My daddy worked hard and drank harder. Usually, he would stop off for a half-pint of Early Times on his way home from the old depot in Guthrie, Kentucky, where he was based as a welder for the L & N, the iconic Louisville & Nashville Railroad. (CSX Transportation would soon buy them out, but it didn’t matter. We never called it anything but The Railroad.) 

Daddy was a railroad man, and railroad men did not always keep regular hours. There were derailments and busted rails and broken signals and stuck switches and tracks washed away by heavy rains. Outside of his normal maintenance of the lines running about 25 miles on either side of the Tennessee state line, he averted catastrophe on a weekly if not daily basis. Surely he deserved a drink?

He kept a bottle under the driver’s seat of his white Pontiac Bonneville, another on the kitchen counter next to the enamel saucepan where Momma brewed iced tea. He never bought more than half-pint at a time, which meant he went to the “ice house” — our county was dry — sometimes two or three times a day.

Given Daddy’s long work hours and even longer leisure hours spent at the icehouse or any of several “beer joints,” as Momma called them, she had a hard time getting him to do man-things around the house, like mow the yard. But when the notion struck him to be handy, he went all out.

He would dash around the yard at the helm of the push mower. like the devil himself was holding time trials and the slowest man got a first-class ticket to the Hot Place. With dirt flying as he hit the bald patches, he flung rocks and twigs every which way. I was not allowed in the yard when he mowed for fear an errant piece of gravel would put my eye out, so I didn’t see him get out the weed-eater when he finished mowing. The deafening roar of one motor stopped, and the sinister buzzing of the other began.
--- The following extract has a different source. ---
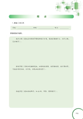 附 录 附 录 1. 活动 C 学习单 学校: 班级: 姓名: 活动任务计划表: 设计方案(建议采用思维导图梳理设计方案,包括准备做什么、为什么做、 怎么做等): 绘制草图(用纸和笔描绘想法,如绘制流程图、制作路线图、设计界面等, 可能会用到白纸、记号笔、彩色水性软笔等): 快速原型(建议就地取材,如 A4 纸、布条、塑料瓶等): 113

“He’d better watch out for my tomato plants,” my mother muttered to no one in particular as she peered out the kitchen window to see where he was.  

She must have seen him head toward the four-o’clocks bed, but by the time she got out the door, it was too late. He had cut them off even with the ground. 

The next thing I remember was Momma standing at the kitchen sink, holding herself and it up as if the whole side of the house might fall off if she let go. Her head was bent, and her shoulders were drawn up around her ears. I didn’t need to see her face to know she was crying. I heard the Bonneville start up, and the tires crunch the gravel as he backed out and headed down the driveway. As he did, I saw him reach down under the seat to get something, the other hand holding a cigarette and the steering wheel.

I went outside to see the damage for myself. Although I was only 6 or 7 at the time, I remember thinking I didn’t know which sight made me sadder — Momma crying at the kitchen sink, Daddy slinking off to the ice house again, or the decapitated tomato plants already wilting in the afternoon sun.

At around the same time as the Great Tomato Plant Massacre, the late songwriter Guy Clark released his paean to the crown jewel of Southern produce, “Homegrown Tomatoes.” In it, he declared that there are only two things in life you can’t buy: true love and homegrown tomatoes. I was too young to understand it at that time, but that summed up my parents’ marriage.

It’s now that time of year when I peruse the seed catalogs in search of the homegrown tomatoes of my childhood. The growing season is short here in Buffalo, and the weather never gets hot enough to produce tomatoes with the heft, smell, or taste I remember. I order heirloom Kentucky seeds, hoping they won’t miss the red clay dirt their ancestors grew in. This year I’ll try Granny Cantrell and Vinson Watts. Maybe they’ll be THE ONE.  

And always, I think back to Momma’s ill-fated tomato plants and wonder what might have been.